THE government has blocked a giant statue of Margaret Thatcher in Parliament Square over fears it will be vandalised, The Sun can reveal.
A campaign to honour the Iron Lady has submitted a planning application to Westminster City Council for permission for the 10ft-tall bronze to be erected.
It depicts Britain’s first female Prime Minister in “a resolute posture looking towards the Parliament with a stern gaze”, their submission claims.
But a formal objection has been lodged by the Royal Parks Agency and the Department for Culture, Media and Sport.
The ministry and its quango – which owns the small strip of land where its site is proposed – insist the project has not received the Thatcher family’s permission.
There are also deep fears within Whitehall that left-wing mobs will repeatedly target the statue and try to damage it.

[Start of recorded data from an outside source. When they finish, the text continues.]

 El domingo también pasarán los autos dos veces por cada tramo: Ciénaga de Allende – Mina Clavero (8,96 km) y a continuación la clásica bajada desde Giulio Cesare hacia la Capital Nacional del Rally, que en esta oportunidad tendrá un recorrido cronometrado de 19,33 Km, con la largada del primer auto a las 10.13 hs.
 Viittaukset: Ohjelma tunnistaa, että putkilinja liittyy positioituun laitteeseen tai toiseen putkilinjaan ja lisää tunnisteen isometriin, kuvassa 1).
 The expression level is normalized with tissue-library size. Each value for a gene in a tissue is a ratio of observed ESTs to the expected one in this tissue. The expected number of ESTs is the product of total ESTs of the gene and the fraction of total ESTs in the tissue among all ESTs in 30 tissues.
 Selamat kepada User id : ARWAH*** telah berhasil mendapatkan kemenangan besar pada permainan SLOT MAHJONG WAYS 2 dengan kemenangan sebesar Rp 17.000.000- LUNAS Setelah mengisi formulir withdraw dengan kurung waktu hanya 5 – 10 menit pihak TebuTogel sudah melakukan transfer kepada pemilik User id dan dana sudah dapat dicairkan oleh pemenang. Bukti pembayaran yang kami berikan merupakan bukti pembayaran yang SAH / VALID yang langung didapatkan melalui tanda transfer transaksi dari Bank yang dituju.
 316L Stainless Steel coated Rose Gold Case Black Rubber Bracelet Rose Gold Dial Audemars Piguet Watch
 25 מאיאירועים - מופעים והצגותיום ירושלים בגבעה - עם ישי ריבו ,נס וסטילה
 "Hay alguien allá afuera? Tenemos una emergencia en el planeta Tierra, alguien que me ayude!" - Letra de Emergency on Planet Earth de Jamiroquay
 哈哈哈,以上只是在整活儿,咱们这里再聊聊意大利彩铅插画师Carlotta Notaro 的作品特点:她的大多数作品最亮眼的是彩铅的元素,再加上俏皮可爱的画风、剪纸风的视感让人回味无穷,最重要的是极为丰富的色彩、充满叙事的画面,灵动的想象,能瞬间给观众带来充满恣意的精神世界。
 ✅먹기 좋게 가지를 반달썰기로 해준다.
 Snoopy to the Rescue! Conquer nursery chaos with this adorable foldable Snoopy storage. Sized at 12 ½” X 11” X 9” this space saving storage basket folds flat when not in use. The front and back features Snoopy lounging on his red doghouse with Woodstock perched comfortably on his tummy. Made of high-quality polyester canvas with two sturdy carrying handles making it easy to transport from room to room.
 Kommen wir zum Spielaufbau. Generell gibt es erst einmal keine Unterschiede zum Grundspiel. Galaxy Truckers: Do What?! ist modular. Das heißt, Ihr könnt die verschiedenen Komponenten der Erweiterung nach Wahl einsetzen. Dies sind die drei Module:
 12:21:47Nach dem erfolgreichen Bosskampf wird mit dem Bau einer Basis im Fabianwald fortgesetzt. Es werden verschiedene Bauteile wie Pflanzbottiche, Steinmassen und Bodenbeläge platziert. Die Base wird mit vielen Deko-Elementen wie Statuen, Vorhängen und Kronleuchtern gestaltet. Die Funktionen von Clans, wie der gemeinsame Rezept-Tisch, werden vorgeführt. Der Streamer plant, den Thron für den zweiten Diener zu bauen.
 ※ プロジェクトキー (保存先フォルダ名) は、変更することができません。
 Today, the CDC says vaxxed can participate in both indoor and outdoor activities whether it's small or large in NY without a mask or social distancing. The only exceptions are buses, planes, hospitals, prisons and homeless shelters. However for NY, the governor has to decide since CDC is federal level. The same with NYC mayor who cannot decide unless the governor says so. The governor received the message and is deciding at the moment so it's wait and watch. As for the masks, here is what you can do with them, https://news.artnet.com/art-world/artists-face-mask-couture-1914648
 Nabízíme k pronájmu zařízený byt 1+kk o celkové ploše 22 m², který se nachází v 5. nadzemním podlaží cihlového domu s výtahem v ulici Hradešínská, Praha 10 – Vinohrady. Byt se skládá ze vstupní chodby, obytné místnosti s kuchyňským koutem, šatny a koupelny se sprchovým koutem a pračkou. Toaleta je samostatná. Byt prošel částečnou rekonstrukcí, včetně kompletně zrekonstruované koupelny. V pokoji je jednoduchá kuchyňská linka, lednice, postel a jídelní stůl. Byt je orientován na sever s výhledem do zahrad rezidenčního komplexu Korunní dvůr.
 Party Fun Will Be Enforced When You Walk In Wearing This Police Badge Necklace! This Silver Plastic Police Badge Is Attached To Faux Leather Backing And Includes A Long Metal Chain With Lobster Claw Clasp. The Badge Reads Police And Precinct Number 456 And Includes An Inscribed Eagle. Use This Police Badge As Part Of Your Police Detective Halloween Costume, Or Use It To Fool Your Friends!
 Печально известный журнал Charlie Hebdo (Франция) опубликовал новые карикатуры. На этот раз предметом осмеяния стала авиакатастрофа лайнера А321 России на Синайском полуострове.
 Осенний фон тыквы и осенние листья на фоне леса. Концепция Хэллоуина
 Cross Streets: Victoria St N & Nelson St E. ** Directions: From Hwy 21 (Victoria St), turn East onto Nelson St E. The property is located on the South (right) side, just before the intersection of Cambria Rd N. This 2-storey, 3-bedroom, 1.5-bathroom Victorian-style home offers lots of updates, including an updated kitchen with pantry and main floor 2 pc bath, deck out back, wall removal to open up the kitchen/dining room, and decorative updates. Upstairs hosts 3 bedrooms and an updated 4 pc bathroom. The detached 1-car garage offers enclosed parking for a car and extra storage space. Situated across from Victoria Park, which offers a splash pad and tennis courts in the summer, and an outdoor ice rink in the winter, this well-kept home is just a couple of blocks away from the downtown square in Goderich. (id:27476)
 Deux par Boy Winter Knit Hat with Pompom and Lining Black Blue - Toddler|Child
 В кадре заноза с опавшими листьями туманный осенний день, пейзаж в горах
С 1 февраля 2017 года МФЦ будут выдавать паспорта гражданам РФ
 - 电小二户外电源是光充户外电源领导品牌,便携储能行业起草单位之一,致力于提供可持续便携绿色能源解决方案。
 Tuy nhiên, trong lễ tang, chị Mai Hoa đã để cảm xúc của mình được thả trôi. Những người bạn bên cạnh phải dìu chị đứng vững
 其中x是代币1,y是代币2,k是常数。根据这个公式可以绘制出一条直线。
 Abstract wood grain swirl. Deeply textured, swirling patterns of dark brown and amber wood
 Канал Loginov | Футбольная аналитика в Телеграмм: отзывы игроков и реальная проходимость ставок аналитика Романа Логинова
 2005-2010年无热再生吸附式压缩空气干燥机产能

The Sun has also been told that Lady Thatcher’s daughter Carol and son Sir Mark are also refusing to give it their blessing because they share fears over the vandalism threat.
A Royal Parks spokesman said: “Numerous times we have requested assurances from the applicant that they have approval from the family for the statue.
“To date we have not had those assurances.”
The legacy of Britain’s longest serving post-war premier, who died in 2013, is still the subject of impassioned debate. She remains a hate figure for the hard left.